Cars were designed to make our lives easier, convent and ultimately better. Large distances became smaller, heavy loads became lighter, and industry and social aspects of society boomed. Not only that, but as the years progressed and the technology refined, these machines became more and more comfortable, more and more powerful, and ultimately, more beloved.
Cars have an entire culture around them, and the world we live in today has been heavily shaped by them, from the houses we live into the roads we drive on, the car is a consideration that is constantly present. However, with all of the great things that come with automobiles, it is important not to forget that these are big, heavy machines that we are operating and putting our faith in, ones that have many intricate working parts. Given all of these smaller parts working together, it isn’t difficult to imagine how when something malfunctions or something breaks, that the entire system to be thrown out of whack. The result – a potential catastrophe.
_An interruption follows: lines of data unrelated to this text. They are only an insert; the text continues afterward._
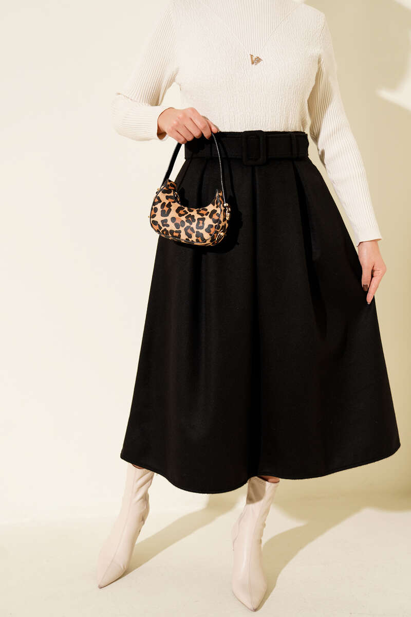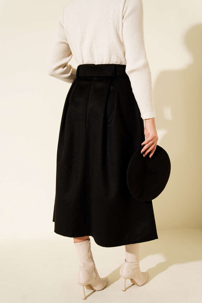 Kazayağı Desen Pileli Kemerli Etek Bej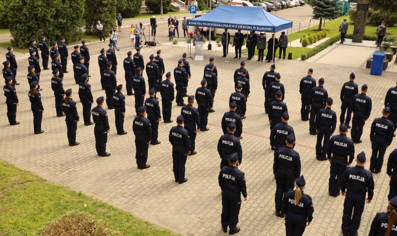 Dzisiaj na placu przed budynkiem Komendy Wojewódzkiej Policji zs. w Radomiu odbył się uroczysty apel, podczas którego ślubowało 78 nowo przyjętych funkcjonariuszy Policji. W tej grupie jest 14 kobiet.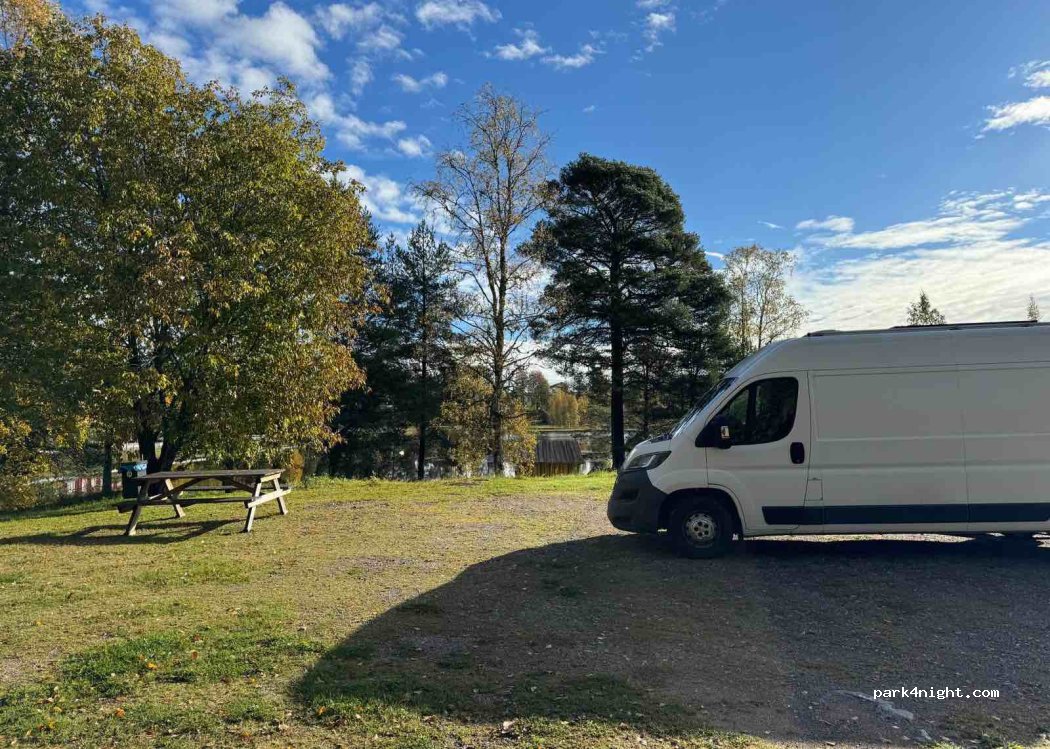 Larger place at the lake with several parking possibilities, picnic table, barbecue area and toilet (100m). On the way to the center you will pass another toilet and a latrine disposal. In the center there is a gas station, an ATM, a supermarket, two restaurants and a bakery. Several hiking and cycling tours start at Hembygdsgården.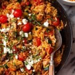 This One Pot Chicken Risoni is a comforting and flavorful meal that comes together with minimal fuss. Tender chicken, fresh vegetables, and creamy feta combine in a rich tomato broth cooked with orzo pasta, making it perfect for a cozy dinner.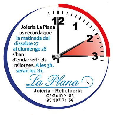 La matinada d’aquest dissabte 28 a diumenge 29 d’octubre toca canviar l’hora. Aquesta matinada de diumenge acaba l’horari d’estiu i comença el d’hivern i cal canviar el rellotge. A les 3.00 hores seran les 2.00 hores novament i, per tant, la nit de dissabte a diumenge es podrà dormir una hora més.

On average, in the United States, there is approximately 90 fatal car accidents every single day, and that isn’t accounting for the potentially thousands of other car accidents that happen each day with their own respective and possibly devastating results. While certainly, much of those figures can be attributed to human error and poor judgement, regardless, there is still a large portion that is the result of something inherently going wrong with the vehicle; mechanically, structurally, that can make an otherwise normal driving experience go from good to bad really quickly. But, what exactly can go wrong with a car to cause such wreckage?
Image you are driving along, let’s say on the highway, and you begin to come up to your off-ramp. However, as you approach and begin to change lanes, you notice that your brakes aren’t responding. Now what?
Or maybe we can revisit the same situation, but this time your breaks are fine. In fact, you are driving a brand new SUV, which you might think is the epitome of safety. However, as you make your turn on the off-ramp, suddenly you’re ‘safe’ truck begins to roll. Or maybe your engine suddenly caught fire while waiting at a red light; or perhaps after getting rear ended by another car.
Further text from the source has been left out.